Below are the records; return every line from the one that contains "PNA bollard base on level subgrade" to the last, exactly, skipping the pictures.
------ Records shown ------
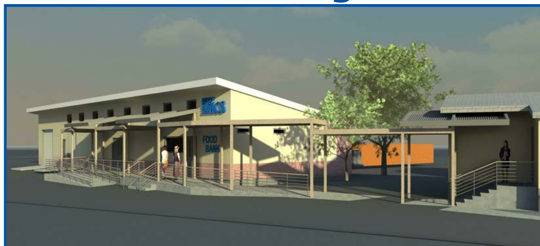
Artist rendering of new ICS Food Bank by The Architecture Company

Please join us at the Groundbreaking for the new ICS Food Bank building on Friday, April 29 .
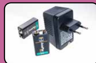
ACC171 Battery Charger (UK) (D900 / SD2 dopplers only)
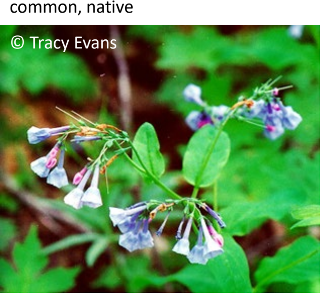
plant with flowers
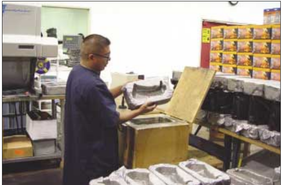
MSE's foam-in-place packaging system is unique, allowing cartridges to remain more stable during shipping. The foam, as well as the boxes, can also be used by customers who are interested in recycling.
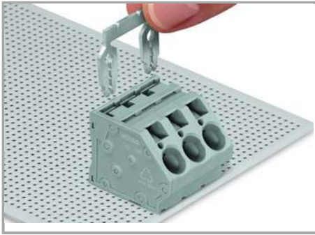
Inserting a comb-style jumper bar.
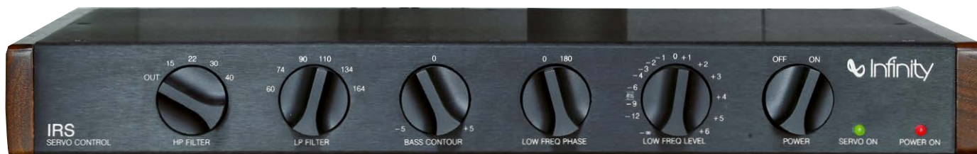
▲ The active crossover allows the optimal adjustment of the woofer towers to room acoustics and „satellites“.

at least the male part of the population still got together often to listen to music, while the vast majority of their female counterparts retreated into an internal emigration and attributed, disapprovingly but powerlessly, the passion of men and their buddies to mental confusion and a lack of aesthetic style.
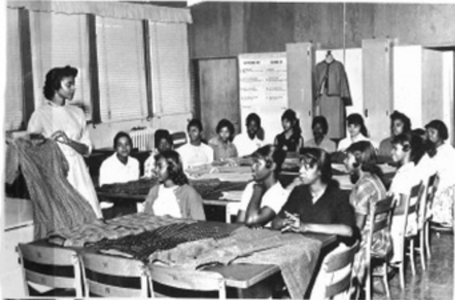
Home Economics Sewing Class
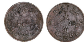
3483* China , Empire, Fukien Province copper two cash (1901-3) (KM.Y81 for type, unlisted in copper). Porous, otherwise very fine. $100
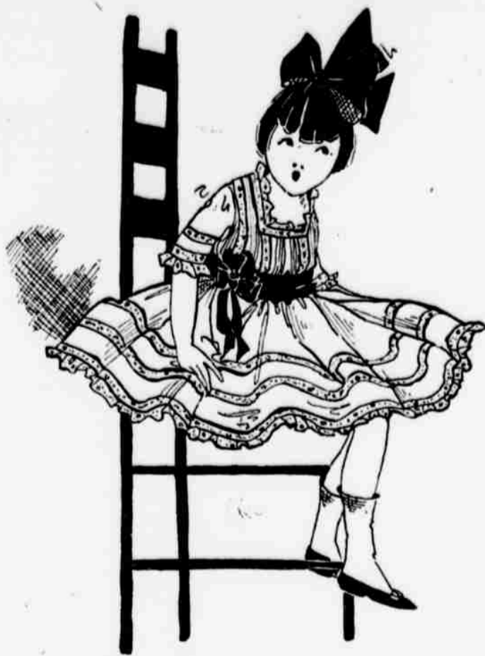
An adorable creation in white organdie and Valenciennes lace is this kiddie's dress which trends slightly toward the Empire of old in its style. The huge hair bow and the cunningly rosetted sash girdle are of brilliant orange taffeta—an unusual and, therefore, entirely desirable note.
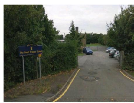
Partitioning installed to a Primary School in Dartford
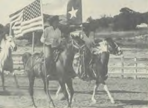
Having fun at NVR is watching a parade.
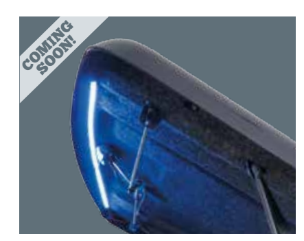
LED Lighting System
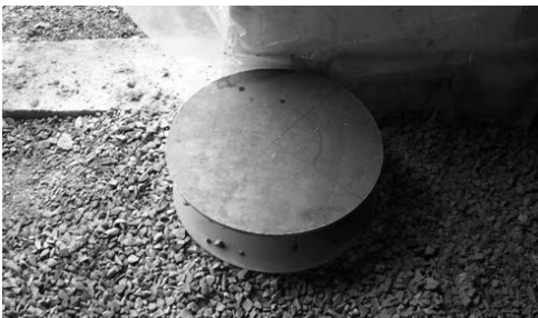
PNA bollard base on level subgrade
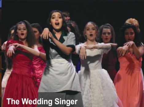
The Wedding Singer
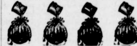
The Sherwin-Williams Paints Cover the Earth
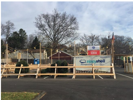
Almost the end (12/7)
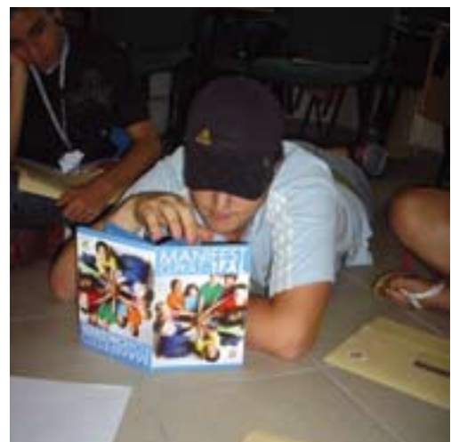
A participant at the Rights 4U course reads the Manifesto for Children
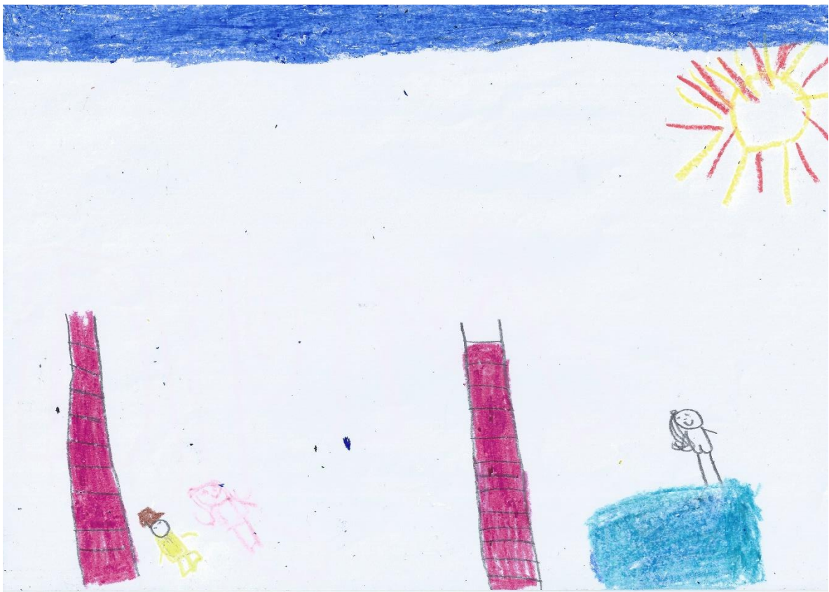
(FFG 2 Pupils Riverhedge 2A).
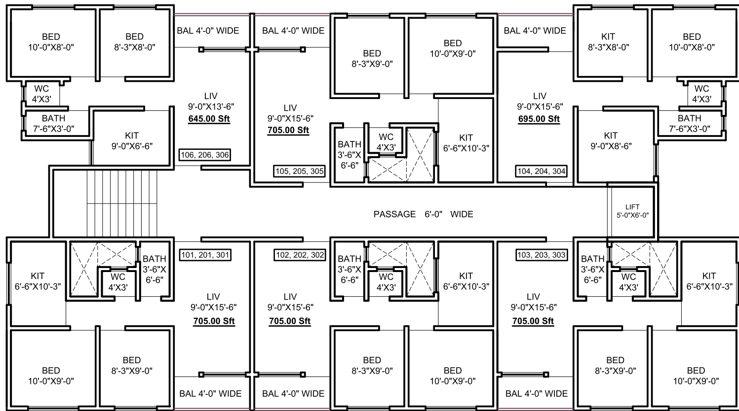
1ST TO 3RD FLOOR PLAN BUILDING NO.1
------
**Written answer:**
PNA bollard base on level subgrade
The Wedding Singer
The Sherwin-Williams Paints Cover the Earth
Almost the end (12/7)
A participant at the Rights 4U course reads the Manifesto for Children
(FFG 2 Pupils Riverhedge 2A).
1ST TO 3RD FLOOR PLAN BUILDING NO.1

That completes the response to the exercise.